Decorated pithos fragments (including many unpublished examples) were also retained from Well LA in two main fabrics: a light red fabric with much vegetal temper, often with a creamy light pink slip applied to the surface, and a darker red fabric with inclusions of schist and silver mica. The micaceous pithos fabric likely comes from the Pediada region, south-east of Knossos (Kotsonas Reference Kotsonas2019, 2–3). Decorative motifs on these pithoi included stamped plain circles, stamped concentric circles, raised bands (plain and slashed), finger-traced spirals, wheels, and stamped framed rosettes. Many of these same motifs are also attested on pithoi at Azoria (Donald Haggis, pers. comm.) and at the kiln site of Mandra di Gipari at Prinias, which was in operation as a production centre from the late seventh until the early decades of the sixth century BCE (Rizza, Palermo, and Tomasello Reference Rizza, Palermo and Tomasello1992, 107, pls 10–16). Though these pithoi often employ ‘Orientalising’ decoration, the use lives of these objects frequently extend into the sixth and fifth centuries BCE or even later, as discussed above – implying either the curation of Protoarchaic and Archaic pithoi as ‘heirlooms’ (Whitley Reference Whitley, Nevett and Whitley2018, 62) or, potentially, continued traditions of manufacture beyond the seventh century. Unfortunately, few Cretan relief pithoi are complete and have a secure archaeological provenience, and refining our understanding of their chronology and production histories remains a desideratum that is beyond the scope of this paper. Here, I note that their appearance in the well is compatible with a post-seventh-century date and that very similar vessels also appear on the other side of the purported ‘gap’ (see below).
Well H
Unlike Well LA, Well H was excavated to its full depth of 12 metres.
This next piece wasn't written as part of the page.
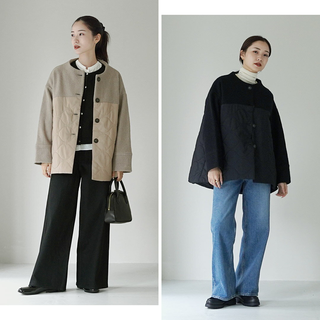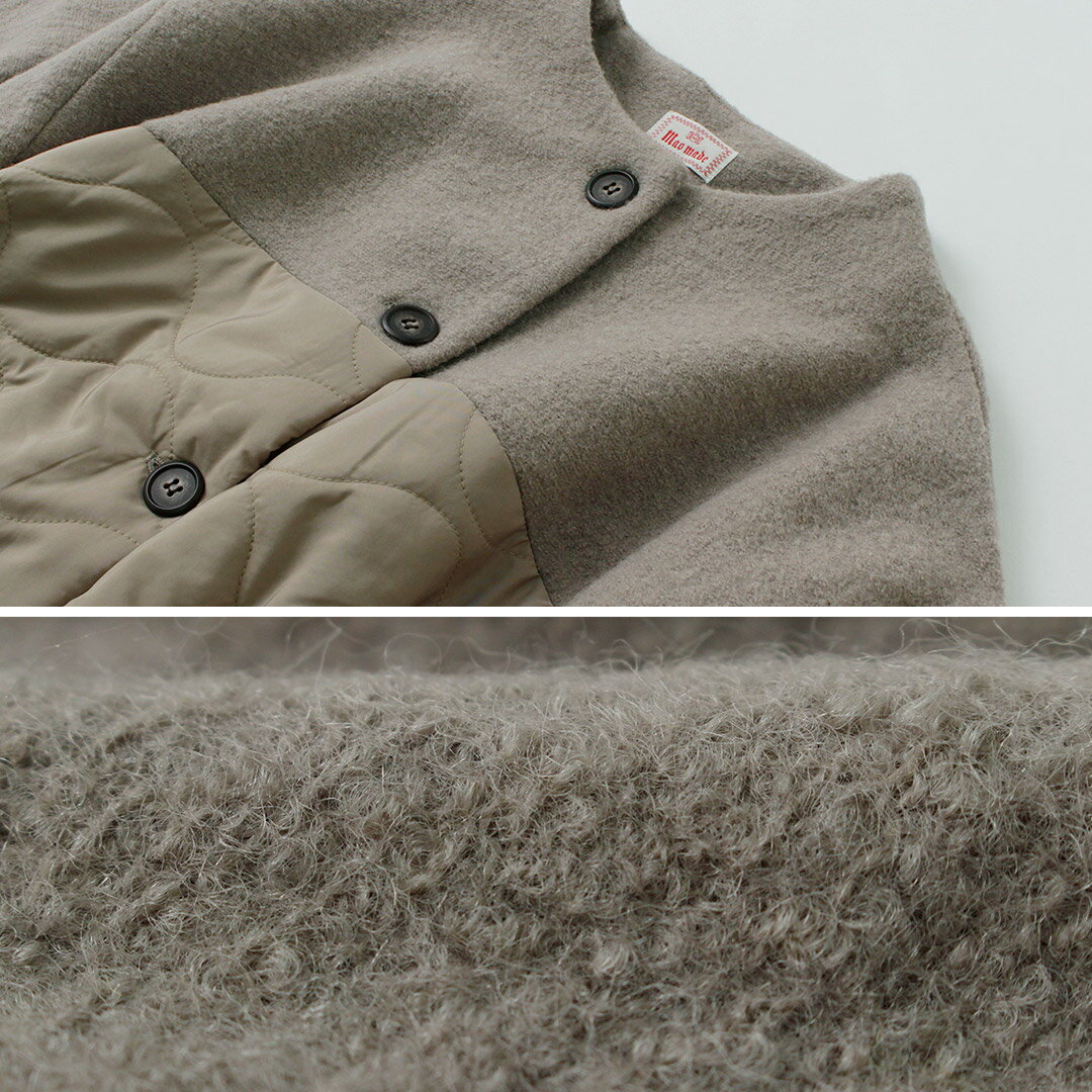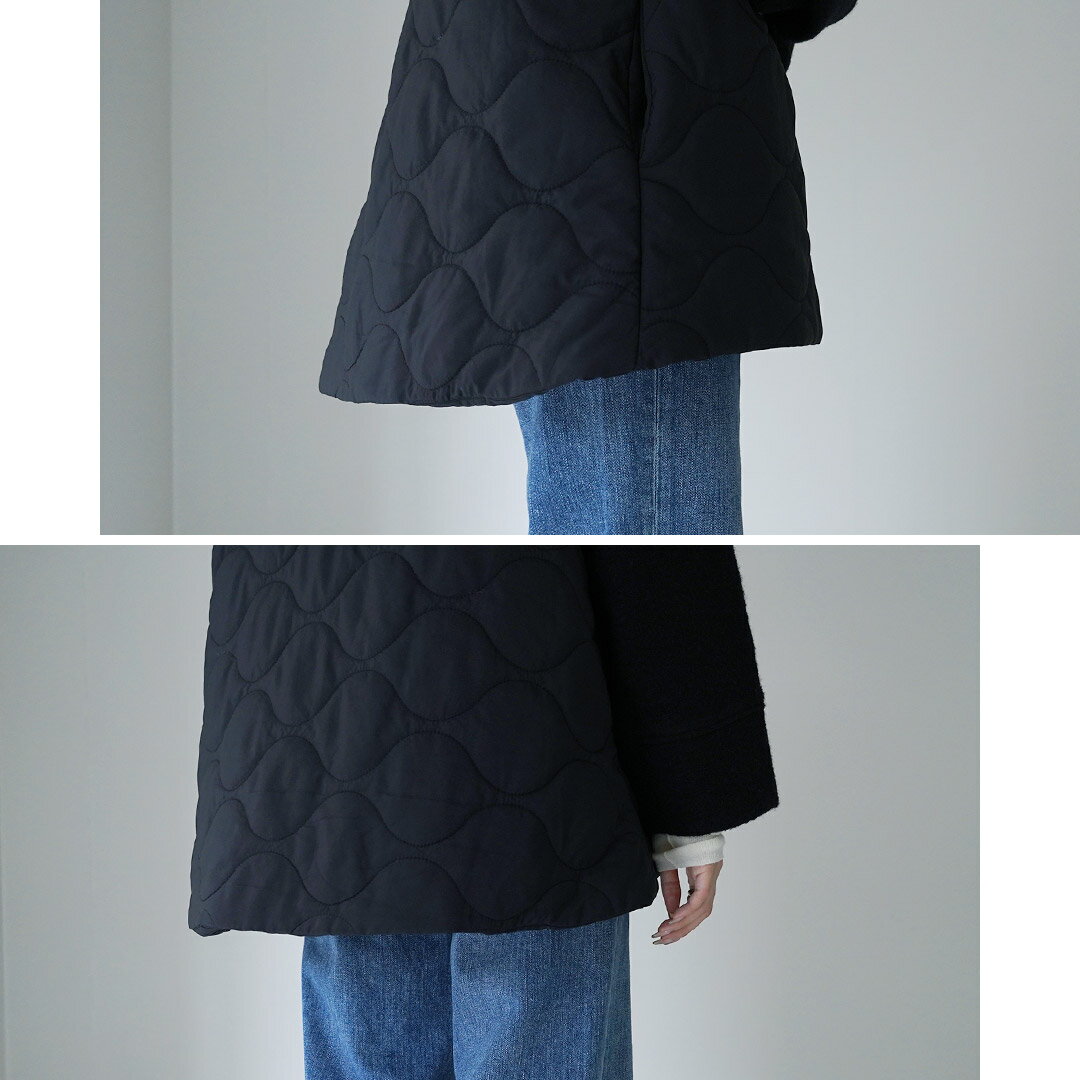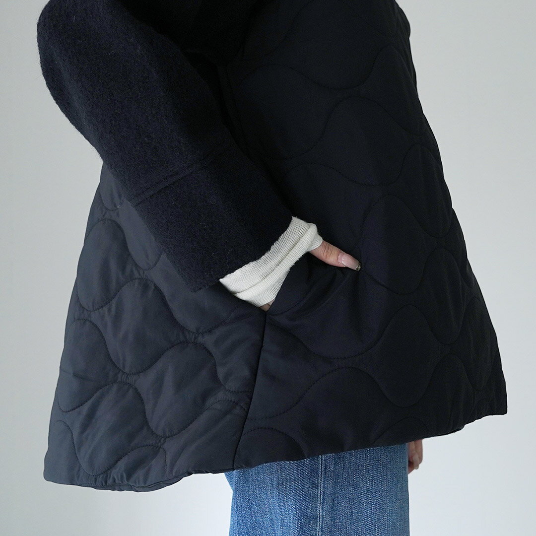 【10%OFFクーポン対象】MAO MADE(マオメイド) ドッキング Aラインコート / レディース アウター ノーカラー 襟なし ウール キルト 無地 ミドル丈

The large quantity and variety of Attic black-figure and black-gloss imports in this well is unusual for Knossos and for other Archaic Cretan contexts: 33 out of 116 of the published pots from this deposit were Attic, and I observed another kilogram of Attic material among unpublished finds. Most of this Attic material was found near the bottom of the well, in the lowest three metres, but many joins in locally produced ceramics were found between layers (Coldstream Reference Coldstream1973, 46). For this reason, the entire fill was dated to the Late Archaic period, c. 500–480 BCE, based on the Attic pottery. While this narrow dating is plausible for many of the Attic imports, some would comfortably accomodate a slightly earlier date. An Attic column krater with a scene of Herakles framed by ivy, for instance, finds its closest parallels with Attic pottery of the late sixth century BCE rather than the early fifth (Coldstream Reference Coldstream1973, 57–8, no. 76, pls 22–3; see Moore, Philippides and van Bothmer Reference Moore, Philippides and Bothmer1986, 160–1, nos 471, 474, 476, pls 44–5). The Attic imports alone, however, do not appear to extend earlier into the sixth century than 525 BCE.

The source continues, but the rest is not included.